Aluminium zu dämmen lohnt sich
Das Aluthermic System kann überall dort verwendet werden, wo eine nachträgliche Dämmung von thermisch nicht getrennten Aluminium-Hohlkammerprofilen notwendig ist. Das können Fassaden, Fenster, Erker, Wintergärten und alle kombinierten Glas-Alu-Konstruktionen im Fassadenbereich sein. Es gibt nichts Wirtschaftlicheres, sagt Lischka, „als thermisch nicht getrenntes Alu zu dämmen. Weil der U-Wert von Aluminium derart hoch ist und mit der Dämmung ein spürbarer Sprung um mehrere Größenordnungen gemacht wird.“
2010 hat er das Passivhaus Institut Dr. Feist in Darmstadt mit einem Bericht über die „Wärmebrückenberechnung zur Bewertung der Verbesserung der thermischen Eigenschaften eines Fensterrahmens durch gedämmte Aluminium-Vorsatzschalen“ beauftragt. Grundlage war ein thermisch nicht getrennter Fensterrahmen aus Einkammer-Aluminiumprofilen, dessen thermische Eigenschaften durch eine gedämmte Aluminium-Vorsatzschale verbessert werden soll. Der U-Wert des ungedämmten Rahmens beträgt laut Bericht Uf=6,4 W/m²K. Untersucht wurden zwei Sanierungsvarianten mit gedämmten Aluminium-Vorsatzschalen. Bei der Variante mit einer fast vollständigen Überdeckung der äußeren Fensterglas-Dichtung mit Dämmstoff konnte der Rahmen-U-Wert auf Uf=1,7 W/m²K verbessert werden. Diese Ausführung wird bei der Sanierung mit Aluthermic umgesetzt (siehe Profilskizze).

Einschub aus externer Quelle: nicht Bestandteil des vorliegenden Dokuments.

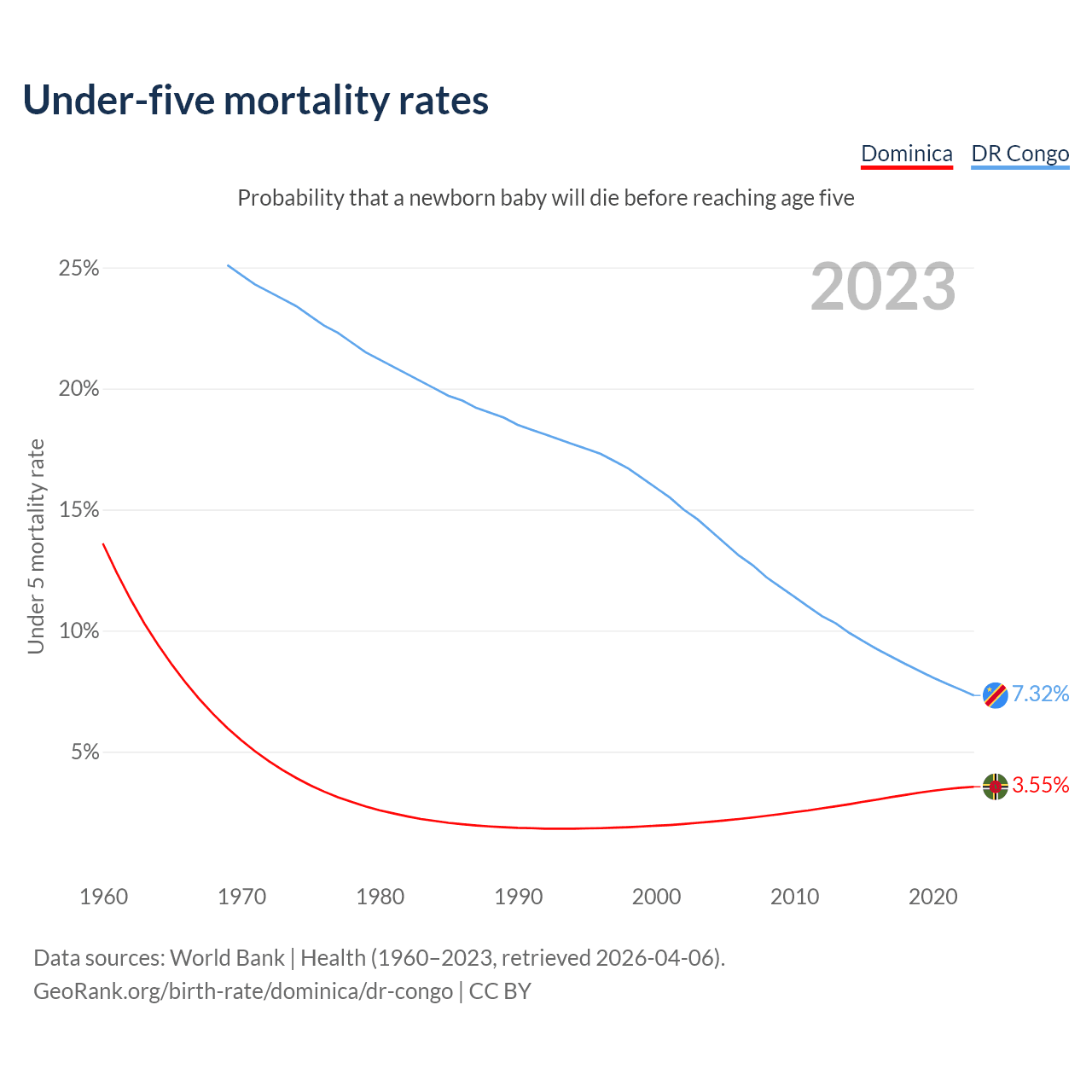 The chance that a newborn baby will die before reaching age five is 3.55% in Dominica and 7.32% in the DR Congo. Above is a chart with historical data on under-five mortality rates.

Der amerikanische Markt verspricht mehr
Auf die Frage, warum das Aluthermic System trotz der vielen Vorteile und der in etlichen großen und kleineren Projekten nachgewiesenen Praxistauglichkeit noch keine umfassende Marktdurchdringung erfahren hat, antwortet Lischka: „Dafür gibt es mehrere Gründe. In Deutschland haben wir bereits eine sehr hohe Sanierungsrate, sodass ältere nicht thermisch getrennte Aluminiumfassaden kein Kernthema mehr sind. Außerdem ist es für Architekten und Metallbauer einfacher, Altes durch Neues zu ersetzen.“
Götz ergänzt: „Es ist dieser Widerstand der Planer.“ Seiner Meinung nach ist die deutlich niedrigere Auftragssumme bei Verwendung von Aluthermic gegenüber einer neuen Fassade hinderlich. Denn die Honorare von Architekten und Planern richten sich nach dem Auftragsvolumen. Und öffentliche Auftraggeber, die durchaus einen großen Bedarf an energetischen Fassaden- und Fensterrenovierungen haben, äußern bei neuartigen Systemen oftmals Vorbehalte, auch wenn sie deutlich kostengünstiger sind. „Keiner möchte die Verantwortung für etwas Neues übernehmen.“
Tatsache ist, dass Lischka für sein System keine Zertifikate und Kennzeichnungen vorlegen kann. Er verwendet damit ein ungeregeltes Bauprodukt, was bei Reparaturen allerdings möglich ist. Hinderlich für mögliche Prüfungen sind nach seiner Aussage extrem hohe Prüfgebühren und ein völlig übertriebener Bürokratismus in der EU. Aber gerade öffentliche Auftraggeber verlangen Nachweise und Prüfungen zu den eingesetzten Bauprodukten. Einzig die Wärmebrückenberechnung vom Passivhaus Institut Dr. Feist liegt vor.
Für Lischka ist daher der amerikanische Markt in der Zukunft interessanter, „weil dort die energetische Situation der Gebäude 30 bis 40 Jahre nachhinkt. Gerade im Hochhausbereich wird bis heute thermisch nicht getrenntes Alu verbaut. Da sind Wassereinbruch, Luftundichtigkeiten mit der Folge von Kondensation und Schimmel ein alltägliches Problem“, sagt er. Für den amerikanischen Markt entwickelt er derzeit ein spezielles Sanierungsprofil, das er sich als wichtigen Eintrittsschein patentieren lassen will.